When it did ‘get out’ that she had been diagnosed with Alzheimer’s, it was like they lost at least half of their friends. People just did not know what to do. And because my Mom was so traumatized by the stigma surrounding the disease, we did not ask for help or really communicate well at all with our network of friends. Eventually many of these people did come back into their life and still today are a big part of how we are supported. Some of that support is as simple as still including them in their life, coming by to have lunch with my mother and giving my father a couple hours off.
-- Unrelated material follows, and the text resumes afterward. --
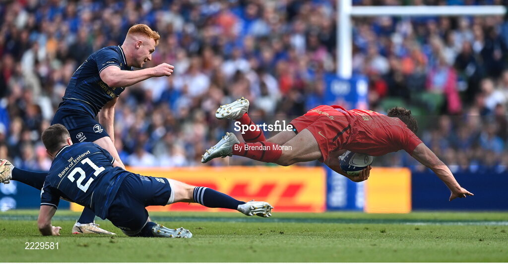 14 May 2022; Antoine Dupont of Toulouse is tackled by Luke McGrath and Ciarán Frawley of Leinster during the Heineken Champions Cup Semi-Final match between Leinster and Toulouse at Aviva Stadium in Dublin. Photo by Brendan Moran/Sportsfile

My father talks about this very specifically in Chapter 2 of the portrait on the Genius of Caring site: http://geniusofcaring.com/portraits
I think one of the reasons for the change is that we became more vocal – actually moved from a place of secrecy to public advocacy. Through the film, interviews, and writing everyone in the family has done, people maybe understood what we were going through better and reached back out. So the site hopefully provides a space for people to share, but also for people to learn, so our understanding as families, communities, and as a country of what this experience is like becomes much deeper.
You attended last year’s New Frontier Story Lab with this project. Is there one particular resonant experience or lesson that you gleaned from that process that you could share?
BW: The Lab was such an amazing experience – so many talented artists and advisors from many different disciplines. The big take away for me was to strip away all the ideas and infinite potential that could be explored to the essence of the project: What is driving you to do this work? And then rebuild confidently from there.
That this project had real utility for people going through this was essential. We worked with caregivers, geriatricians, and social workers after the Lab to both develop the set of prompts and questions and to build a space that felt uniquely safe for families to share and connect with others.